Hey did you know? Probably not, because it’s a secret. Police can arrest anyone within five metres of the security zone if they refuse to show identification. Along with arrest, there’s the possibility of spending two months in jail or a five hundred dollar maximum fine. Provincial cabinet passed the regulation on June 2, under what government lawyers call a “covering” order-in-council. “It was just done surreptitiously, like a mushroom growing under a rock at night,” said Howard Morton, the lawyer representing the first arrestee, who spent several hours in a wire cage outside the makeshift detention centre. The regulation is news to most people, considering the it won’t even be officially published until July 3, nearly a week after it expires on June 28. It came into effect on Monday.
And in case you missed it yesterday, police also arrested a man who thought entering the G20 zone with a crossbow, arrows, a sledgehammer, a pickaxe, a chainsaw, and a baseball bat was a good idea. Fifty-three-year-old Gary McCullough has been charged for his dangerous weaponry and will appear in court today. The items were found in McCullough’s car, which not only had its bumper tied on with a string, but also had a very sketchy homemade storage unit sitting on the roof. Police say the arrest was not related to the summit.
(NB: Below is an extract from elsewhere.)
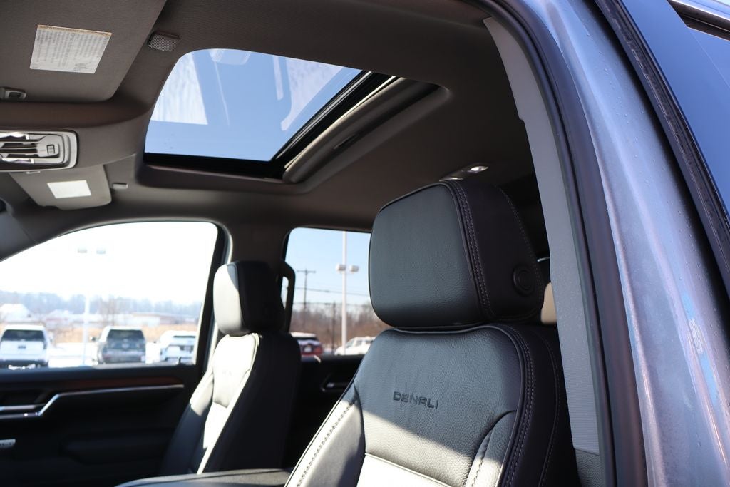 2024 Sterling Metallic GMC Sierra 1500 Denali 10-Speed Automatic, 4WD, Jet Black w/Leather-Appointed Seat Trim, 120-Volt Bed Mounted Power Outlet, 120-Volt Interior Power Outlet, 170 Amp Alternator, 2 Charge/Data USB Ports Inside Center Console, 2 Type-C Charge-Only Rear USB Ports, 2 USB Ports, Auto-Locking Rear Differential, Auxiliary External Transmission Oil Cooler, Bed View Camera, Chrome Header w/Signature Denali Chrome Grille, Chrome Recovery Hooks, Chrome Wheel To Wheel Assist Steps, Color-Keyed Carpeting Floor Covering, Deep-Tinted Glass, Denali Reserve Package, Electric Rear-Window Defogger, Floor-Mounted Center Console, Front Rain-Sensing Wipers, GMC Connected Access Capable, GMC MultiPro Power Steps, HD Surround Vision, Heated 2nd Row Outboard Seats, Heated Driver & Front Outboard Passenger Seating, Heavy-Duty Air Filter, Hill Descent Control, Hitch Guidance, Hitch View, In-Vehicle Trailering System App, Integrated Trailer Brake Controller, Keyless Open & Start, LED Cargo Area Lighting, Multicolor 15 Diagonal Head-Up Display, OnStar & GMC Connected Services Capable, Perimeter Lighting, Power Door Locks, Power Front Passenger Windows w/Express Up/Down, Power Front Windows w/Driver Express Up/Down, Power Rake & Telescoping Steering Column, Power Rear Windows w/Express Down, Power Sliding Rear Window w/Rear Defogger, Power Sunroof, Preferred Equipment Group 5SA, Premium Bose 7-Speaker Sound System, Push Button Start, Rear Camera Mirror, Rear Cross Traffic Braking, Rear Pedestrian Detection, Rear Wheelhouse Liners, Remote Vehicle Starter System, SiriusXM w/360L, Spray-On Pickup Bedliner w/Denali Logo, Steering Wheel Audio Controls, Technology Package, Theft Deterrent System (Unauthorized Entry), Trailer Camera Provisions, Trailer Side Blind Zone Alert, Trailering Package, Ultrasonic Front & Rear Park Assist, Universal Home Remote, Ventilated Driver & Front Passenger Seats, Wheel Locks (Set of 4) (LPO), Wheels: 22 x 9 Painted Aluminum, Wi-Fi Hotspot Capable, Wireless Charging.

Cyclists will be happy to know that they can leave their bike at a shelter before hopping on the subway, at one station anyway. The TTC installed its first official bike shelter at St. Clair West near the Wells Hill entrance. It resembles those at GO Transit stations. The price tag was thirty-five thousand dollars, funded by Toronto’s Clean and Beautiful initiative. Councillor Joe Mihevc (Ward 21, St. Paul’s) hopes this is just the beginning, and would like to see bike lockers and Bixi integrated into public transit.
The Peter Street shelter is drawing criticism once again, this time from the city’s auditor-general. A report released yesterday questions whether the shelter is even needed because the beds the shelter would offer as well as the assessment centre have been made available elsewhere in the system. The conversion of the Fez Batik nightclub into a forty-bed shelter was supposed to take a year and cost five-and-a-half million dollars. Two years later, and the project has more than doubled in cost. Still, advocates of the shelter say it is needed to get the “hardcore homeless” off the streets.
A couple living in a century-old house in the Beaches have won the right to tear it down. After much contestation from some neighbours, a former resident, and Councillor Sandra Bussin (Ward 32, Beaches-East York), Geoff and Melissa Teehan will demolish the house on Beech Avenue, which some wanted preserved as a historic property. The Teehans want to build a modern, accessible home because Melissa is a quadriplegic who uses a wheelchair. The couple wants to start construction on their new home before September.
Alright everybody, have a good weekend! Well try, anyway. Lots of stuff is closed, (obviously) ‘cos of our favourite summit.